The state, an entity with governmental functions, and a political embodiment of all its citizens, is not a citizen and cannot sue or be sued as such and thereby establish the diversity jurisdiction. Postal Tel. Cable Co. v. State of Alabama, 155 U.S. 482, 15 S.Ct. 192, 39 L.Ed. 231; 28 U.S.C.A § 41(1). Yet it may incarnate itself into a corporate creature exercising only the state's governmental functions and which, though it cannot vote, procreate as a human mammal, bleed in battle for its country's defense, or hang for treason against her, by a legal fiction is, in effect, a citizen for the purpose of creating the diversity jurisdiction. Certainly such an incarnation would have seemed monstrous to the men framing the Constitution if it had been suggested that this was the "citizen" of which they were thinking when they enacted Article III, sec. 2, clause 1 of the Constitution. It so seems to the writer of this opinion, whose views are better expressed in Professor McGovney's review in the Harvard Law Review of May 1943, at page 853.
Equally astounding to the framers of the Constitution would have seemed the more recent results of the application of the fiction to private corporations. The records of Director Chandler of the Administrative Office of the United States Courts show that in the fiscal year 1942 there were 2,083 cases terminated in the federal District Courts which had been removed from the state courts by corporate defendants on the ground of diversity of citizenship. This is 52-plus percent of the 3,864 cases there terminated in that year in which the federal jurisdiction was based upon a corporate citizenship.
In this circuit, and no doubt elsewhere, corporate defendants use the fiction to transfer cases from the state courts, where their opponents are entitled to verdicts on votes of eight, nine or ten jurors, to the unanimous vote of the federal tribunals. Many more than those so transferred are those unjustly settled under the pressure of the threat of transfer from the lesser jury vote of the state courts of the vicinage to the distant federal courts, often requiring a change or addition of counsel and always the expense of travel of parties and witnesses and the discomfort of living away from home.
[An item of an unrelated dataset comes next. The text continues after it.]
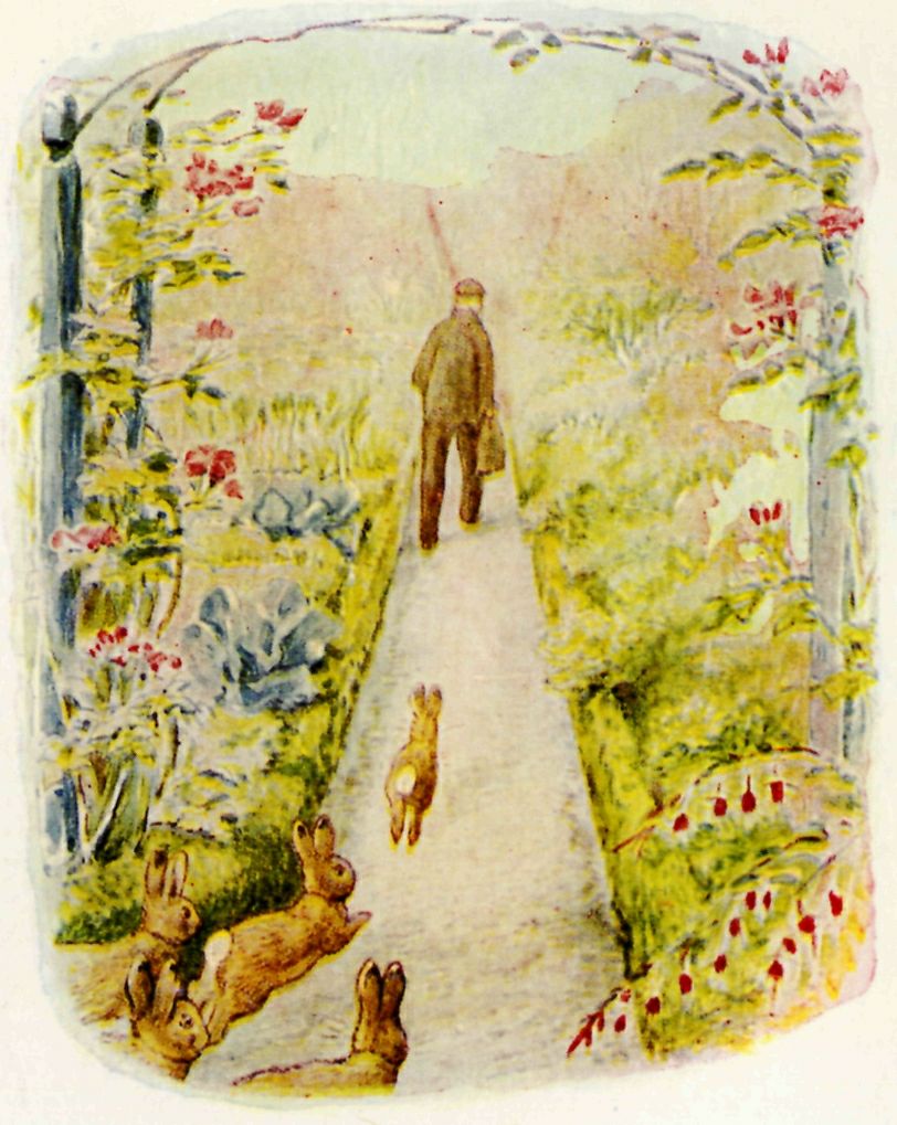 While she and Benjamin were talking, close under the wall, they heard a heavy tread above their heads; and suddenly Mr. McGregor emptied out a sackful of lawn mowings right upon the top of the sleeping Flopsy Bunnies! Benjamin shrank down under his paper bag. The mouse hid in a jam pot.

Montana 8 votes; California, Oregon and Idaho 9 votes; Washington 10 votes.
In more recent years in the metropolitan centers, the smaller neighborhood stores in which the housewife markets and shops have become parts of chains of stores owned by foreign corporations, of which the profits of such homely local transactions are their sole objectives. As was humorously stated by Judge Yankwich, "A woman slips on a banana peel in a corner grocery and lands in the federal court." In the particular situation of the judge's jest, her nine-vote jury would be sitting in the state court house less than a block away. The wrong done her would be all in a very parochial setting; only distant is the distribution of the corporate dividends, all, quite likely, to the citizens of the same state living on the more pretentious streets of the same city. Cf. Bank of United States v. Deveaux, 5 Cranch, 61, 91, 3 L.Ed. 38.
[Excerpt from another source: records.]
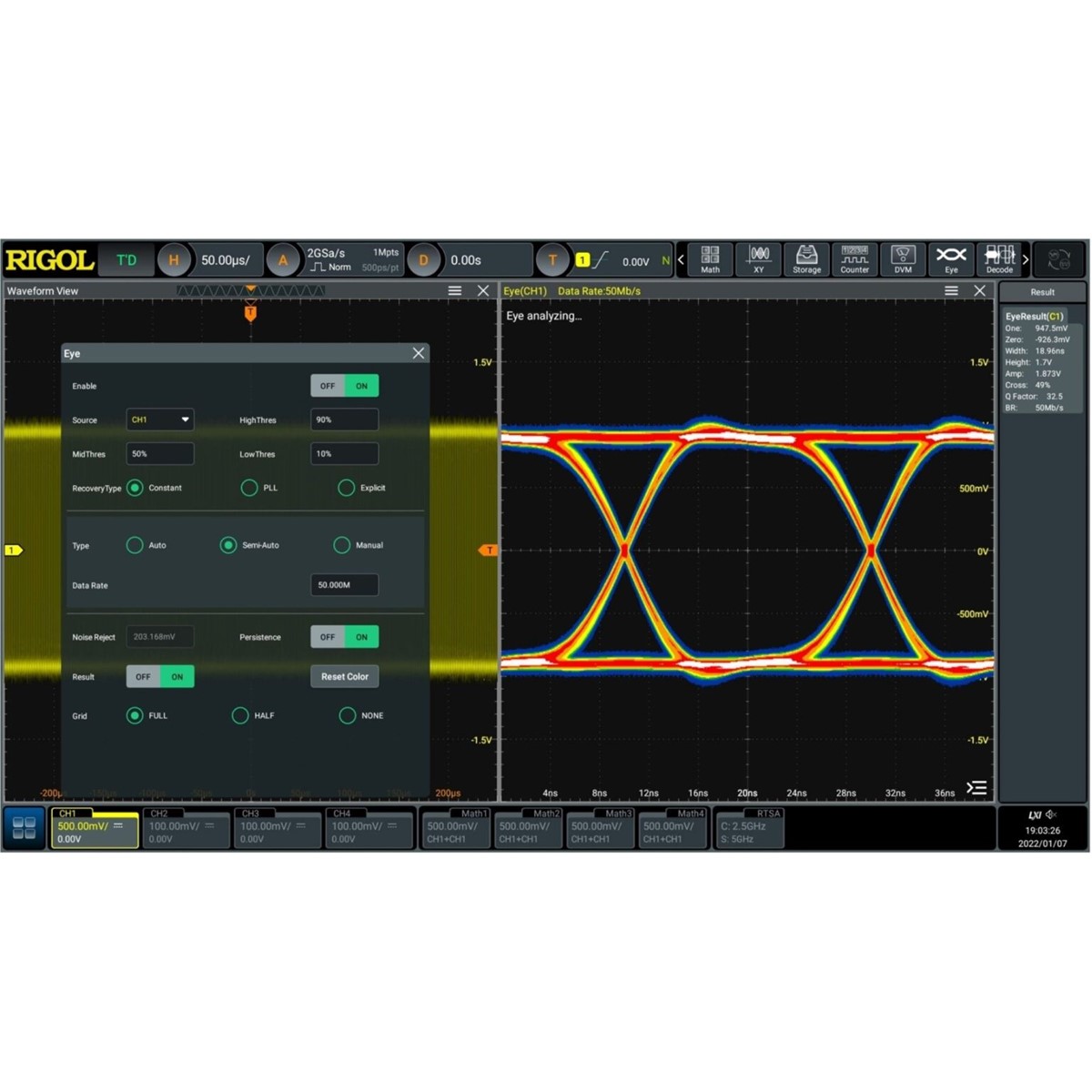 Параметры измерения джиттера и глазковой карты Rigol DS80000-JITTA
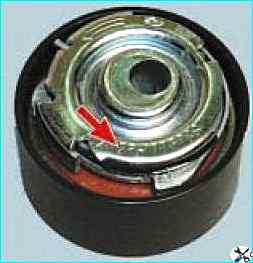 Если при проворачивании подшипника чувствуется заедание, осевой люфт или заметны следы вытекания смазки из подшипника, замените натяжной ролик.
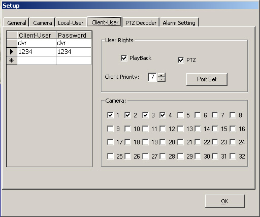 User Name: default is: dvr
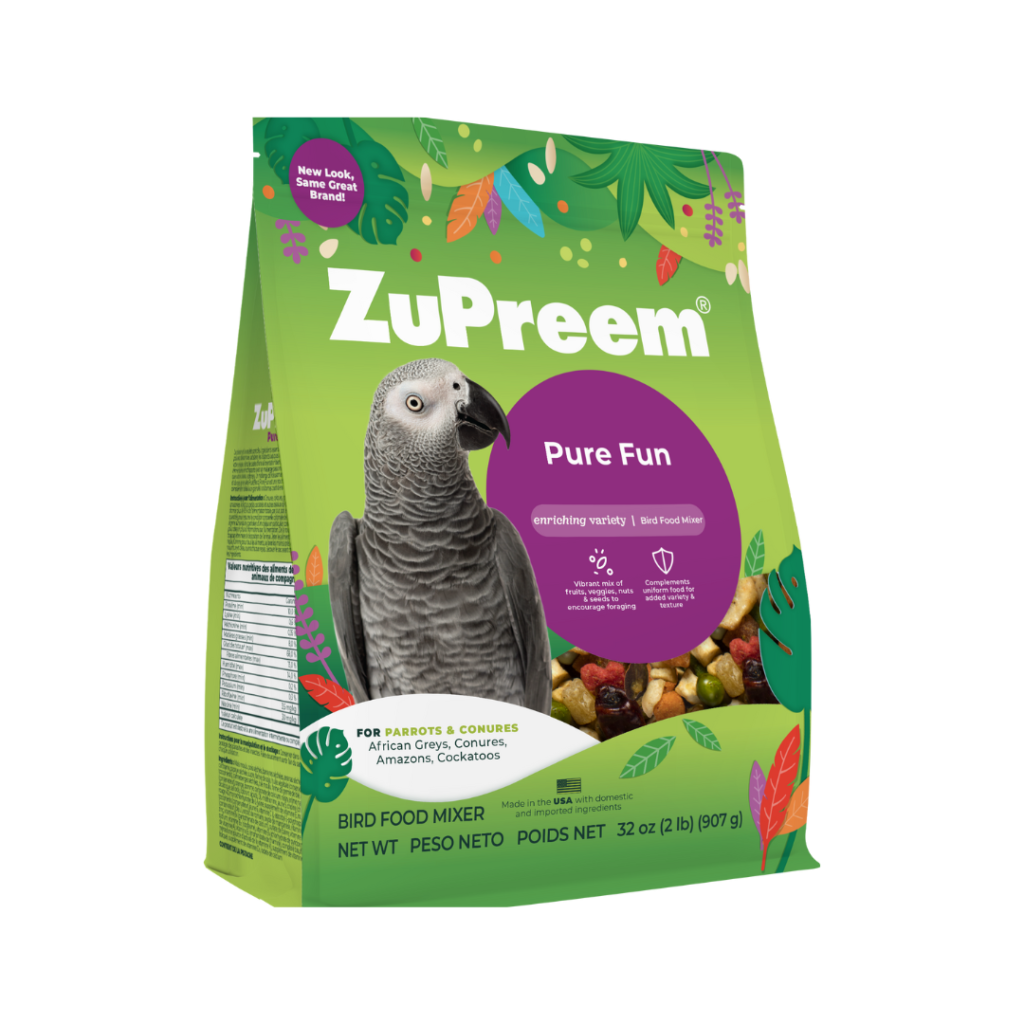 Pure Fun™ Bird Food for parrots & conures is a premium blend of fruit, FruitBlend® Flavor Smart Pellets,™ vegetables and nuts to help excite and enrich your pet bird. This blend includes a delicious mix of right-sized pieces for your bird which helps minimize wasted food.
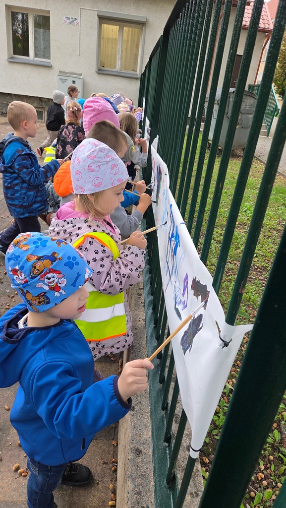 Dnia 18.09.2025r. dzieci z grup Stokrotki, Słoneczka i Jeżyki obchodziły Ogólnopolski Dzień Przedszkolaka. Rozpoczęły go kolorowym przemarszem ulicami osiedla. Następnie odśpiewano im „Sto lat”, a każda grupa zaprezentowała piosenkę z repertuaru przedszkolaka oraz plakat z uśmiechniętym logo swojej grupy. Dzieci miały okazję tego dnia wypuścić baloniki szczęścia, brały udział w zabawach tanecznych i malowały farbami na świeżym powietrzu. Po powrocie do przedszkola czekała na nie słodka niespodzianka oraz odznaka Dzielnego Przedszkolaka.
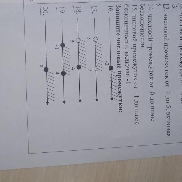 13.x€ (2,5]; 17.x€(3,7);18.x€(-3,4];19.x€(-1,4];20.x€[-5,+бесконечность).
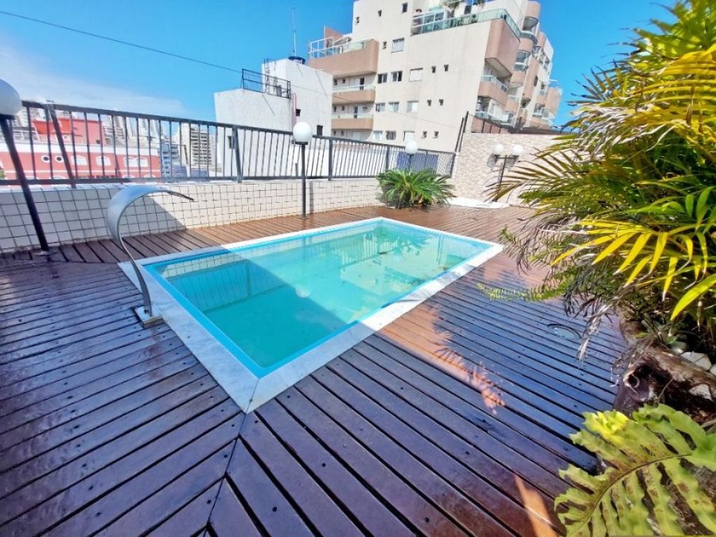 A cobertura conta com uma piscina privativa, um espaço gourmet completo com churrasqueira e forno, e um terraço com uma vista maravilhosa para o oceano.
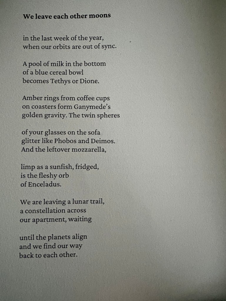 I’ve already mentioned ‘Camping’, ‘Circulaire’ and ‘Shortbread’ so I’ll add another handful based on my thoughts as I write this (I could add so many more). ‘Séance’, ‘We Leave Each Other Moons’, ‘Life, Death and the Struggle For Stellar Survival’, ‘Yorkshire Puddings’ and ‘Marriage Preparation Class When Loving For A Second Time’. And I have to include ‘Learning Curve’ for the physical, emotional response it triggered.

It seems clear that, in a very profound sense, the litigant dragged by the foreign corporation from a nine-vote jury to a unanimous jury is as much denied the "equal protection of the law" as he was in his removal from the common law of the state to the federal "general commercial law" of Swift v. Tyson, 16 Pet. 1, 18, 10 L. Ed. 865. All that was said in Erie R. Co. v. Tompkins, 304 U.S. 64, 75, 58 S.Ct. 817, 82 L.Ed. 1188, 114 A.L.R. 1487, about the fiction of a federal general law applies to the corporate citizen fiction in diversity cases. Indeed the argument for a federal commercial law has more respectable support than the legal absurdity of the holding that, though a stockholder in no way is a party to his corporation's contract, nevertheless, in a suit against the corporation on the contract, the corporation is not being sued but all its stockholders against none of whom can plaintiff have judgment. Marshall v. Baltimore O.R. Co., 16 How. 314, 14 L.Ed. 953.
There is practically no difference in antiquity of the two fictions, that is the century and one year back of Swift v. Tyson and the ninety-five years back to Louisville, C. C.R. Co. v. Letson, 2 How. 497, 11 L.Ed. 353. Hence the passage of time no more stands in the way of restoring to wronged litigants the equal protection of the law in the one case than in the other. As stated of the fiction of a federal general commercial law in Erie R. Co. v. Tompkins, supra, 304 U.S. at page 79, 58 S.Ct. 823, 82 L.Ed. 1188, 114 A.L.R. 1487, the doctrine of corporate citizenship is "an unconstitutional assumption of powers by the Courts of the United States which no lapse of time or respectable array of opinion should make us hesitate to correct."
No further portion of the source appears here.